TASK: Print only what runs from the line that includes "Schildmütze mit verstellbarem" to the end of the listing, word for word, and do not include any pictures.

TASK INPUTS:
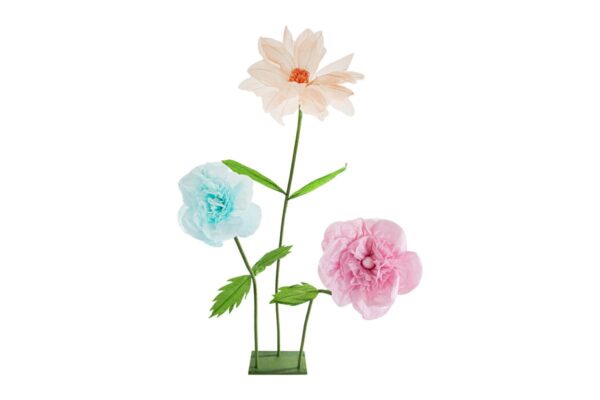 SET 3 FIORI DI CARTA h.max.173CMCELESTE/ROSA/SALMONE
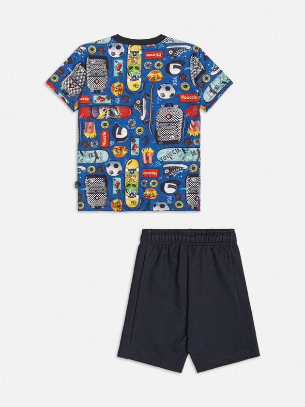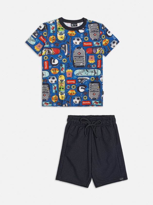 Conjunto infantil Youccie composto por camiseta preta com estampa de temas esportivos e bermuda de moletom preto. Um look estiloso para eles se divertirem em diversas ocasiões. Possui elástico e cadarço no cós para maior conforto. Composição: 100% algodão. Ref.: Y0728
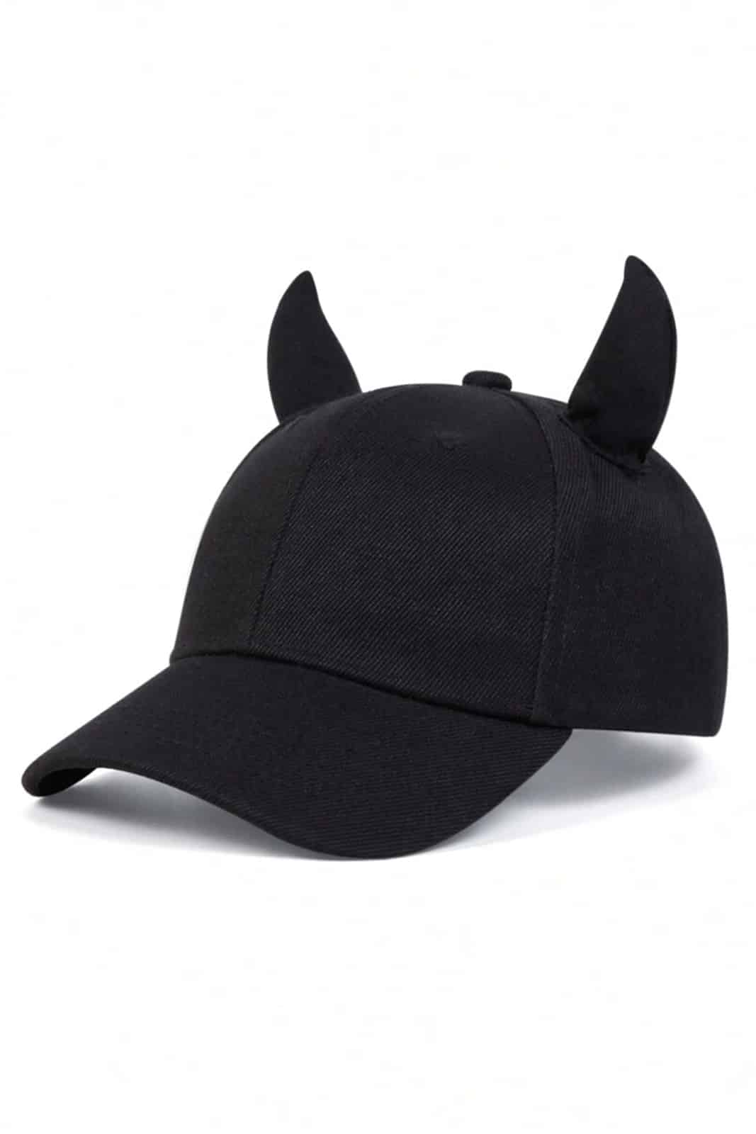 Schildmütze mit verstellbarem Klickverschluß und kleinen schwarzen Hörnern. Passend für Kopfgröße 54-57.
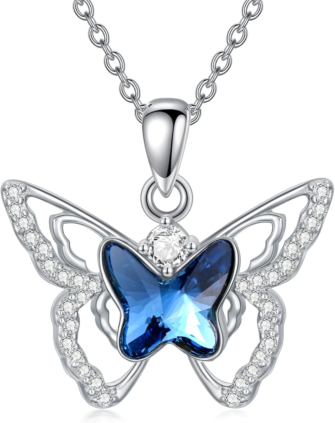 925 Sterling Silver Animal Necklace for Women, Cat/Axolotl/Butterfly/Turtle/Giraffe Pendent Necklace, Cute Animal Jewelry Gifts for Daughter Mom Sister(with Gift Box)
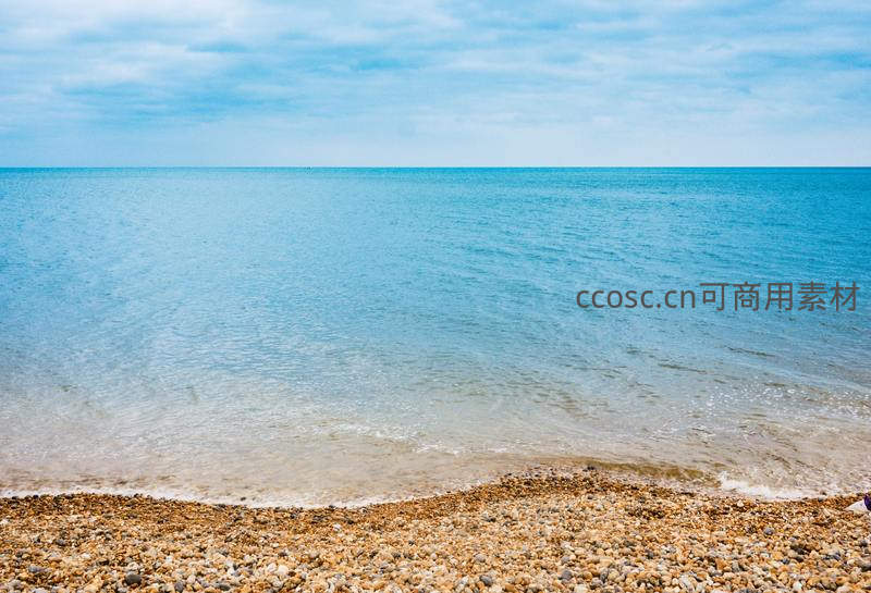 阳光明媚下,由大小不一的鹅卵石铺成的海滩温柔地迎接清澈见底的碧蓝色海水,天空湛蓝,是理想的海滨度假场景。

TASK RESULT:
 Schildmütze mit verstellbarem Klickverschluß und kleinen schwarzen Hörnern. Passend für Kopfgröße 54-57.
 925 Sterling Silver Animal Necklace for Women, Cat/Axolotl/Butterfly/Turtle/Giraffe Pendent Necklace, Cute Animal Jewelry Gifts for Daughter Mom Sister(with Gift Box)
 阳光明媚下,由大小不一的鹅卵石铺成的海滩温柔地迎接清澈见底的碧蓝色海水,天空湛蓝,是理想的海滨度假场景。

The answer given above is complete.